James Franklin Record (June 21, 1861 – 1935) was a pastor, school teacher, and President of Pikeville Collegiate Institute, and later Pikeville College.

Early life
Record was born to Mary Hetty Wyman Record and James Elliot Record in Crawford County, Pennsylvania. He had eleven other siblings, seven brothers and five sisters.

Record attended the country school until high school and he began teaching about this time. During the winter terms he would teach and in the fall and spring terms attend Cochranton High School in Cochranton, Pennsylvania. After high school, Record attended Edinboro State Normal School. While a student there, he taught at Geneva, Pennsylvania and Deckard's run. He also became principal of a two-room public school in Geneva.

After teaching Geneva for a year and still before finishing up at the Normal School, Record he went to Minnesota at the request of a friend who was a county Superintendent of schools. He spent one spring and a summer there before returning to Pennsylvania to be principle of the high school in Cooperstown, Pennsylvania.

In December 1885, Record married Margaret E. Bell. Some years later they gave birth to a daughter named Alice Record. When Alice grew up, she attended Pikeville Collegiate Institute as a student under her father.

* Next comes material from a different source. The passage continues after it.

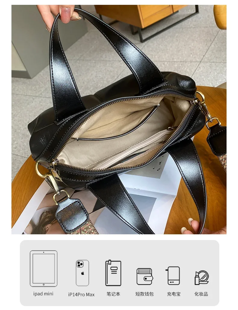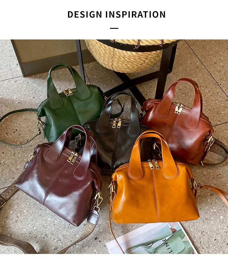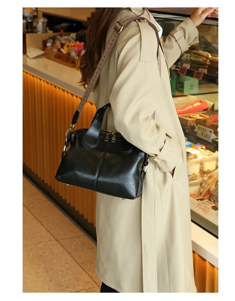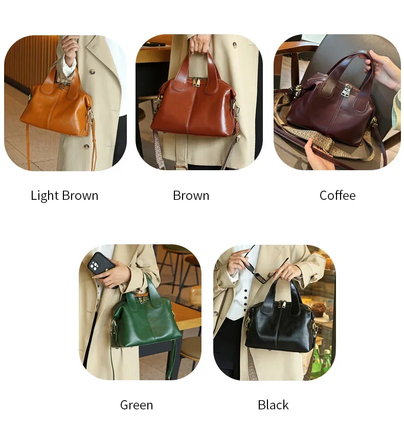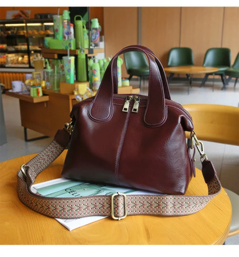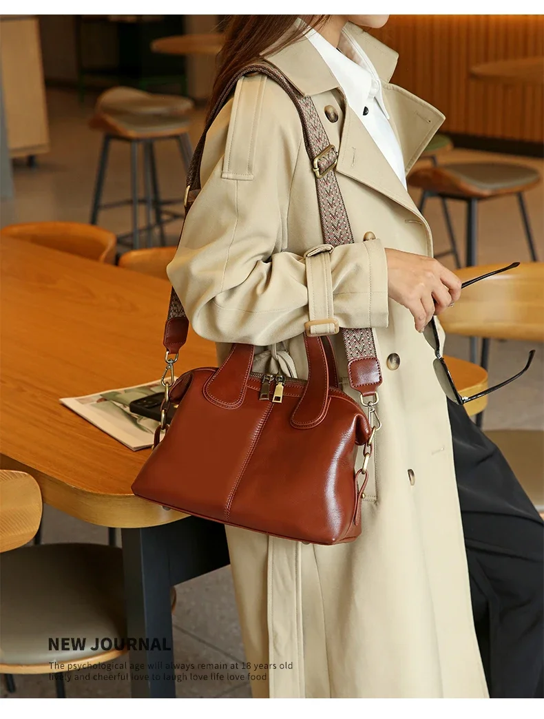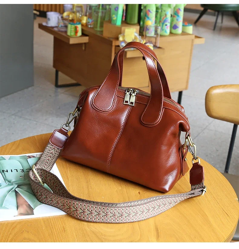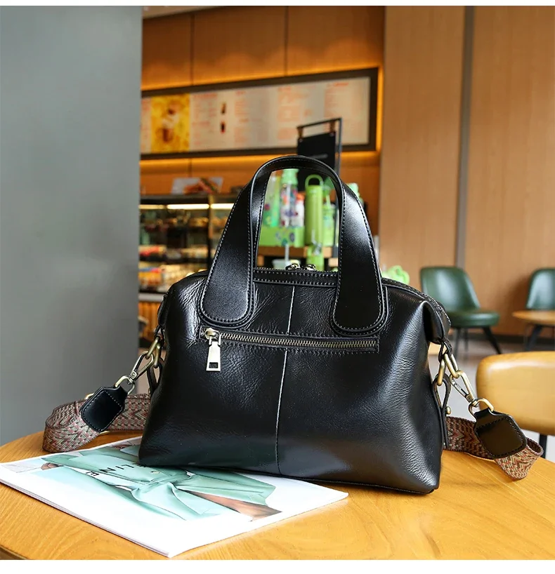 Ladies Cowhide Genuine Leather Bag Women's Retro Versatile Shoulder Handbag Female Commuting Luxury Large Capacity Tote Bags

After finishing up at Cooperstown in May, Record and his wife spent six weeks in Edinsboro until returning to Cooperstown that following September.  The next year, Cochran secured a position at Deckard's Run. Other than teaching, he and his wife did some religious work in Minnesota and Pennsylvania . The family lived at Cooperstown for less than two years before Record became  pastor in Kasota, Minnesota.

Pikeville College years
On a visit to North Dakota for a job interview, Record met Dr. Fulton, a member of the Board of Trustees of Pikeville Collegiate Institute in Pikeville, Kentucky. The ultimate result of that meeting was Record accepting the pastorate of the First Presbyterian Church of Pikeville and principalship of the Pikeville Collegiate Institute in 1899.

According to books in the Special Collections Room of the University of Pikeville, Record is best remembered for all of his faith in the institution, and for the growth of Pikeville College and education in Pike County. He is said to have inspired many local youth to become teachers.

During the summer of 1905, Record received a Ph.D. degree.  He taught the science of government, psychology, and mathematics at the Institute. His influence in the local public schools was widespread and extended to a number of mountain counties.

During Record's first term at Pikeville, he established a training school for teachers, built a women's dormitory, and organized the first Alumni organization. In 1909, the School Catalogue first carries the name “Pikeville College”.

In 1911, Record left Pikeville to become the Educational Superintendent of the Sabbath School, run by the Presbyterian Church in Michigan.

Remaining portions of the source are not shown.